In WP6 a modelling frame for combining pulp and froth model was provided. The computational fluid dynamics simulation of the flotation process was developed.
In WP7 the LCA for Grecian Magnesite was completed, a Material Flow Cost Analysis was applied, and a business plan was developed.
In WP8 several events were organized. The website was regularly updated, and the LinkedIn channel was fed.
WP9 was performed as foreseen.
Results:
In WP1 an innovative methodology was developed to describe the interactions. Effective collector/depressant mixtures were suggested. A theory of convective adsorption on rising bubbles was developed and validated.
In WP2 a particle-bubble collision frequency calculation framework was developed. It was proven that fine bubbles improve the flotation recovery.
WP3: Essential findings include the microbubble dosage, pulp treatment time and the turbulence level. The use of sonication impacts significantly the flotation of the fine particle in flow mode.
In WP4 the importance of the frother type for the recovery of very fine-sized particles was understood. The use of a stator modifies the hydrodynamics within a flotation cell.
WP5: The results mark a significant progress in understanding of fine-particle flotation. The conducted studies provided proof of concept.
In WP6 the validation of the single phase CFD simulations in pilot-scale flotation cells and the establishing of a multi-phase pulp CFD was achieved. Enhanced population balance (DQMOM) modelling capabilities were implemented and validated.
In WP7 a sustainability assessment was accomplished. An MFCA was proposed to assess the economic sustainability. A framework was developed for social issues. A potential business plan was developed.
WP8: The project had a huge impact concerning dissemination of results with more than 40 publications and 25 oral at conferences.
WP9: The entire project was managed properly.

The societal-economic impact of the project is not yet fully assessable. However, both Stakeholder Fora have proven that there is the potential to generate impact in the processing industry with innovative flotation technologies that are able to enhance the recovery of critical raw materials. This results in an impact on the society as it secures access to indispensable raw materials needed. In particular, in times of a transformation of the European economy to climate-neutrality this topic is relevant for the entire society, and involves high socio-economic implications for each European citizen.

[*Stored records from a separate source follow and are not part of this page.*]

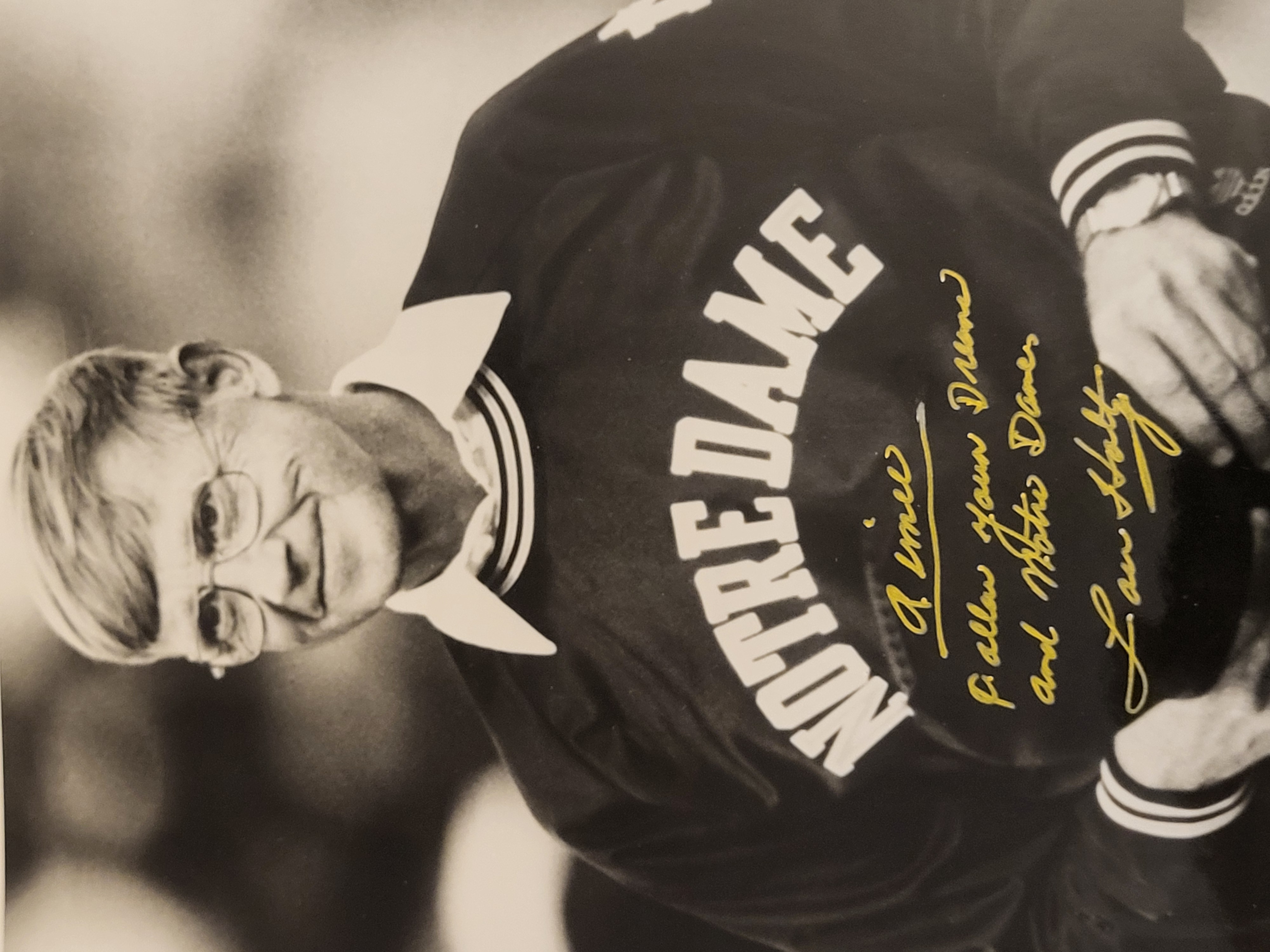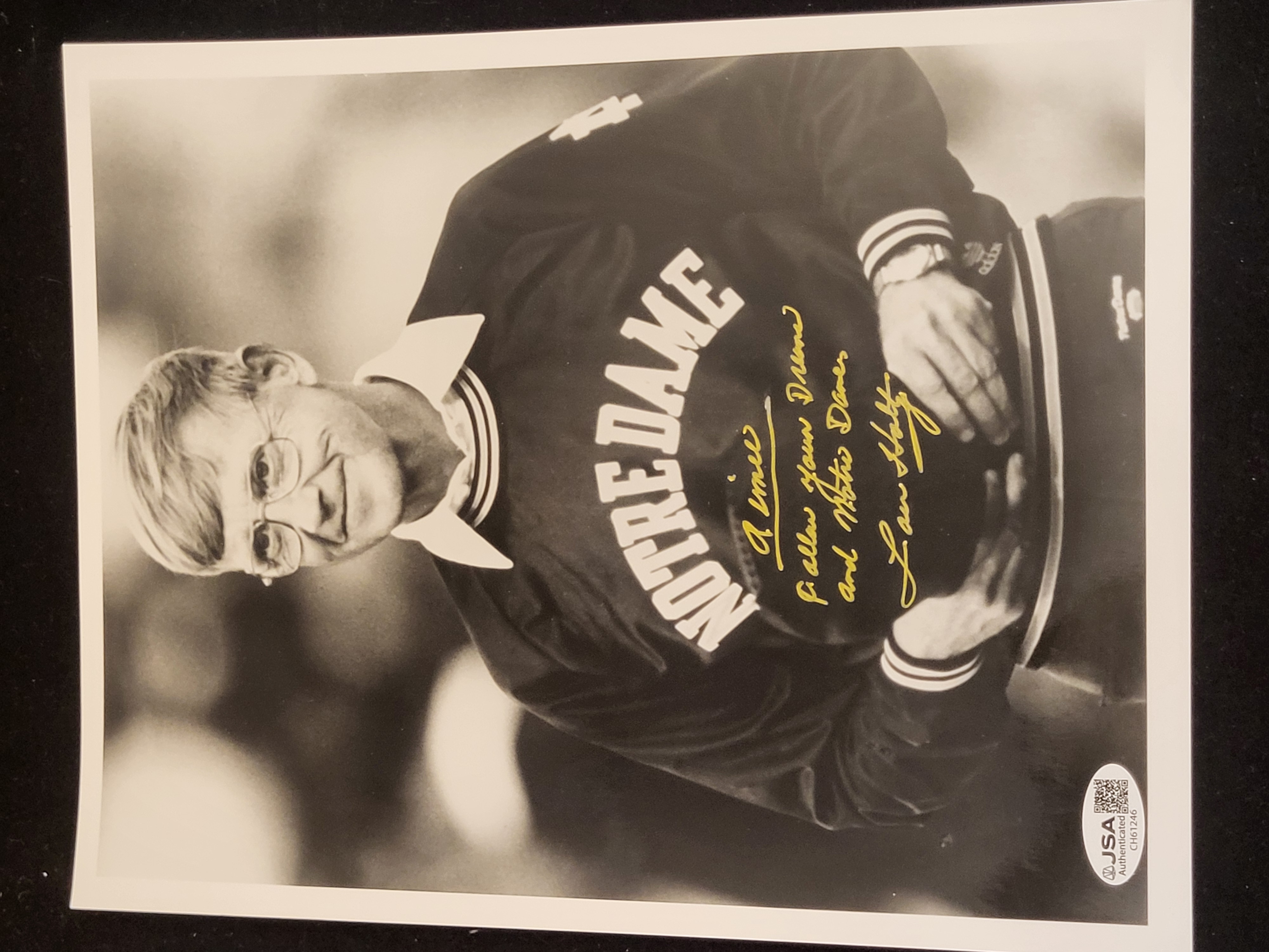 BID PER WHAT YOU SEE IN THE PHOTO, NOT THE AI GENERATED TITLES AND DESCRIPTIONS! Lou Holtz Autographed Notre Dame Black and White Photograph with JSA Certification
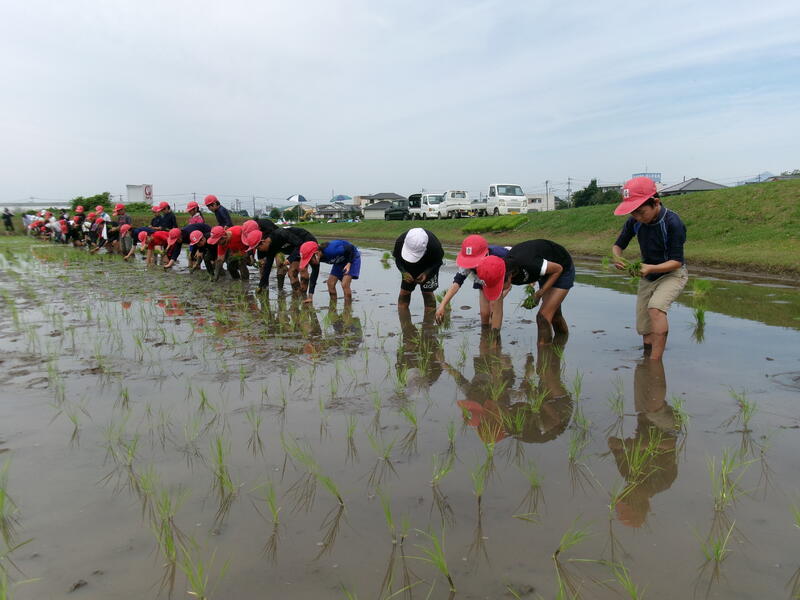 初めて田植えに取り組む子どもたちもいて、最初は、田んぼに足を取られ悪戦苦闘している児童もいましたが、次第に慣れ、どんどん植え進めていました。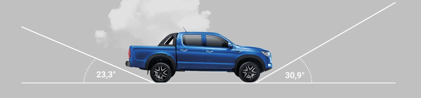 Kąt natarcia wynoszący 30,9° oraz kąt zejścia 23,3° należą do czołówki w tej klasie i są parametrami spotykanymi dotąd głównie w zaawansowanych autach terenowych. Wysoki prześwit, solidna konstrukcja ramowa oraz napęd 4×4 z reduktorem sprawiają, że pojazd pewnie radzi sobie zarówno w warunkach miejskich, jak i poza utwardzonymi drogami. To model, który łączy siłę, niezawodność i pełną kontrolę nad jazdą – niezależnie od terenu.
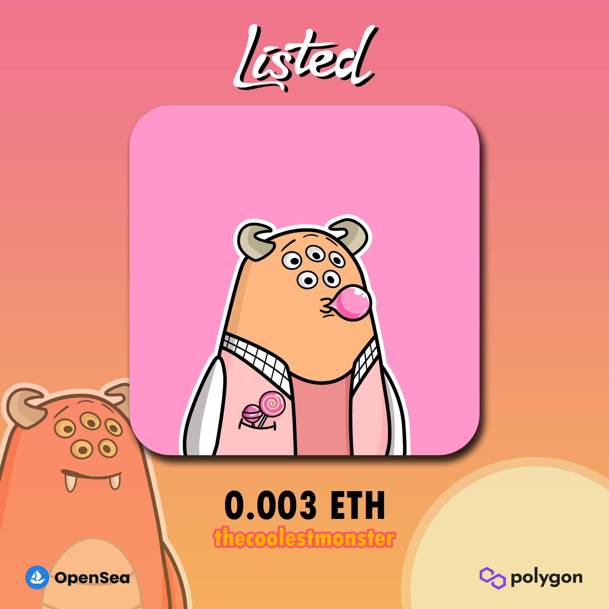 Listed! Available on @opensea Monster #134 Price 0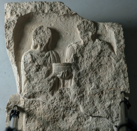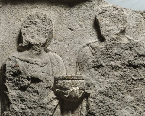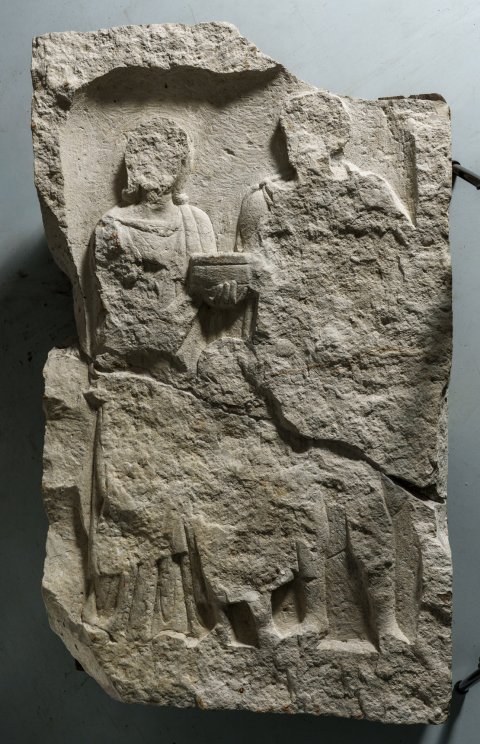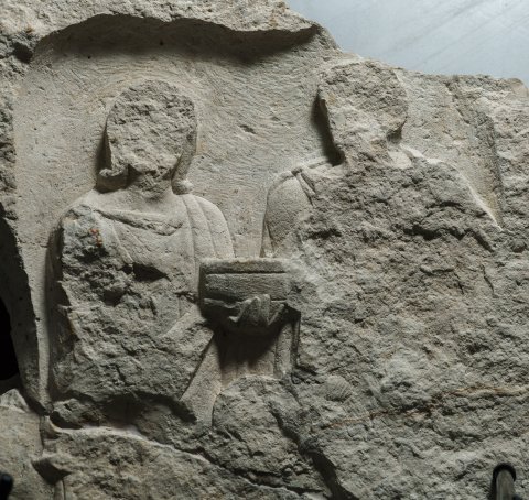 - Familie : stehende Ganzfiguren eines Ehepaares mit Kind. Links Frau in langem Gewand und Mantel, in der Linken runder Behälter. Rechts Mann mit kurzer Tunica und Sagum mit Scheibenfibel. Zwischen den Eltern Knabe in halblangem Gewand.
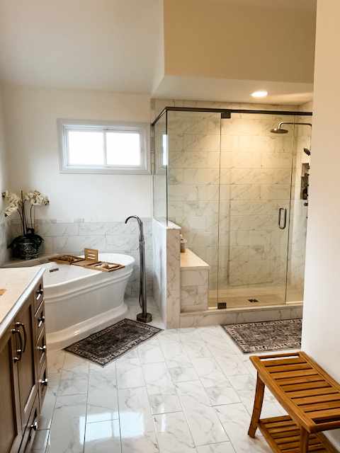 This once-dated primary bathroom has been transformed into a serene, spa-like oasis, featuring marble-inspired tile, a sleek glass-enclosed shower, and a freestanding soaking tub. Warm wood cabinetry, soft lighting, and brushed metal fixtures create a perfect balance of luxury and comfort, turning the space into a calm retreat within the home.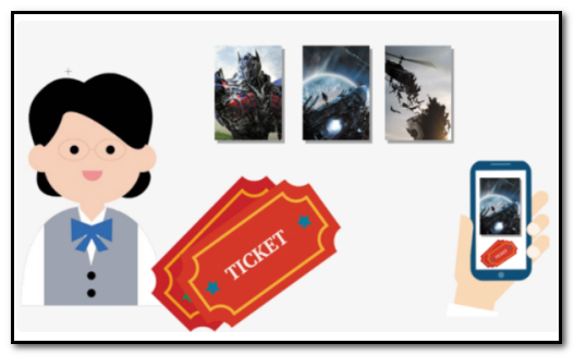 2、取票,问在网上订票要去取票机处取票,而在电道影院柜台前买票则直接获得。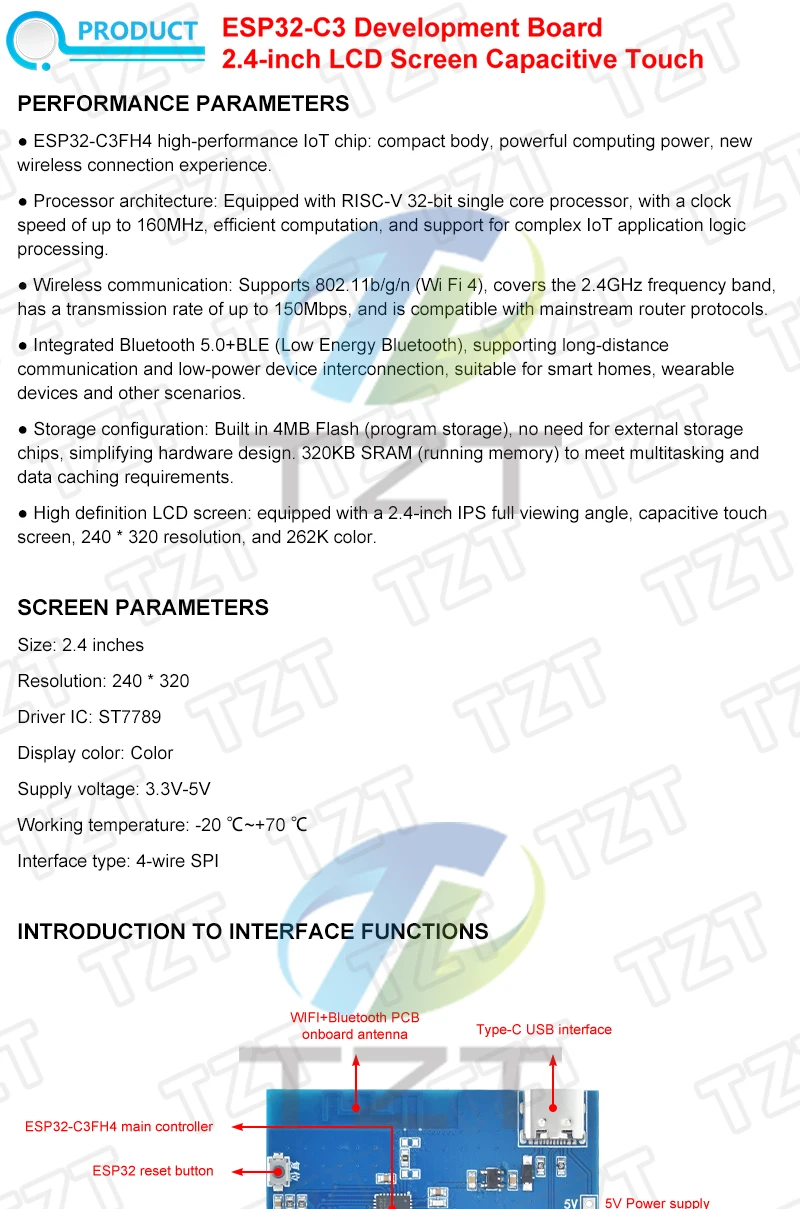 ESP32-C3 With 2.4 Inch TFT LCD Screen ST7789 Small Screen 240x320 Display Module With Touch Color Screen SPI For Arduino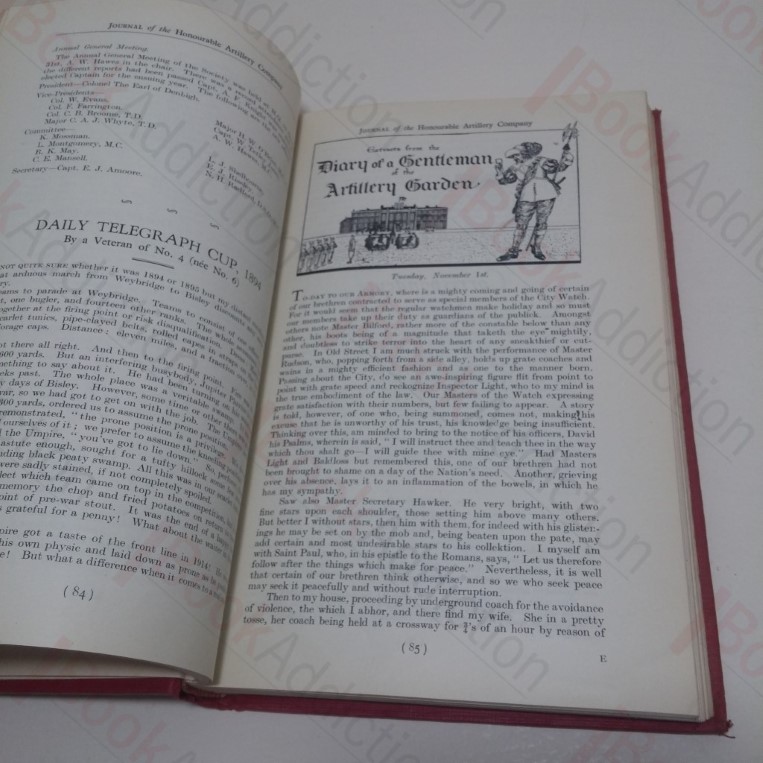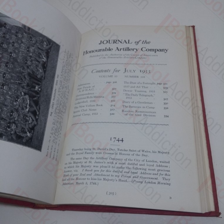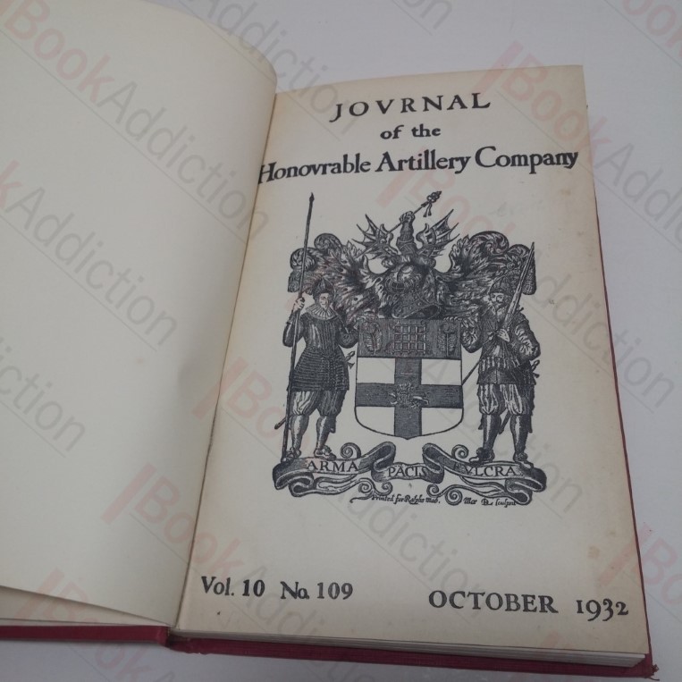 Twelve issues of the Journal of the Honourable Artillery Company (October 1932 to September 1933) bound in a single volume. [4], 408, 6pp, with illustrated additional title page, one tipped in, fold out coloured map, and many black and white illustrations throughout. In red cloth-covered boards with blind rules and gilt motif, gilt lettering on spine. Top edge gilt. 8vo. Cloth mildly sunned over spine, a little rubbed on corners, rounded at spine tips. Some mild spotting on prelims, else neat, clean, bright and tight throughout.

Progress beyond state of the art:
1. With about 40 already published peer-reviewed articles in high impact journals, FineFuture has achieved high scientific level and substantially contributed to the knowledge generation in flotation.
2. As a result, an excellent understanding of flotation reagents has been achieved. For instance, the adsorption of collectors on magnesite and dolomite surfaces has been resolved by using DFT modelling. Optimum frothers to obtain ensembles of stable fine bubbles of high bubble surface mobility were identified.
3. A breakthrough in modelling bubble-particle collision frequency in turbulent flows has been achieved. An improved understanding of the fluid dynamics of the non-transparent flotation processes was possible through the application of new PEPT tracer.
4. Advances in modelling have been made with a direct impact on the improvement of flotation technology connecting micro- with macroscale, and resulting in a retrofit modification of the control entrainment of the funnel, which reduces the entrainment by 30%.
5. The results of the fundamental investigations enabled the pneumatic flotation technology of the partner Maelgwyn Mineral Services to be improved based on the scale-up from lab scale via pilot toward the (semi)-industrial scale.
6. Finally, the developed innovative technology was successfully tested at mining sites, and also underwent a holistic assessment including first economic figures using material flow cost accounting, a comprehensive life cycle assessment, and an assessment concerning social impacts coming potentially from an application of the technology.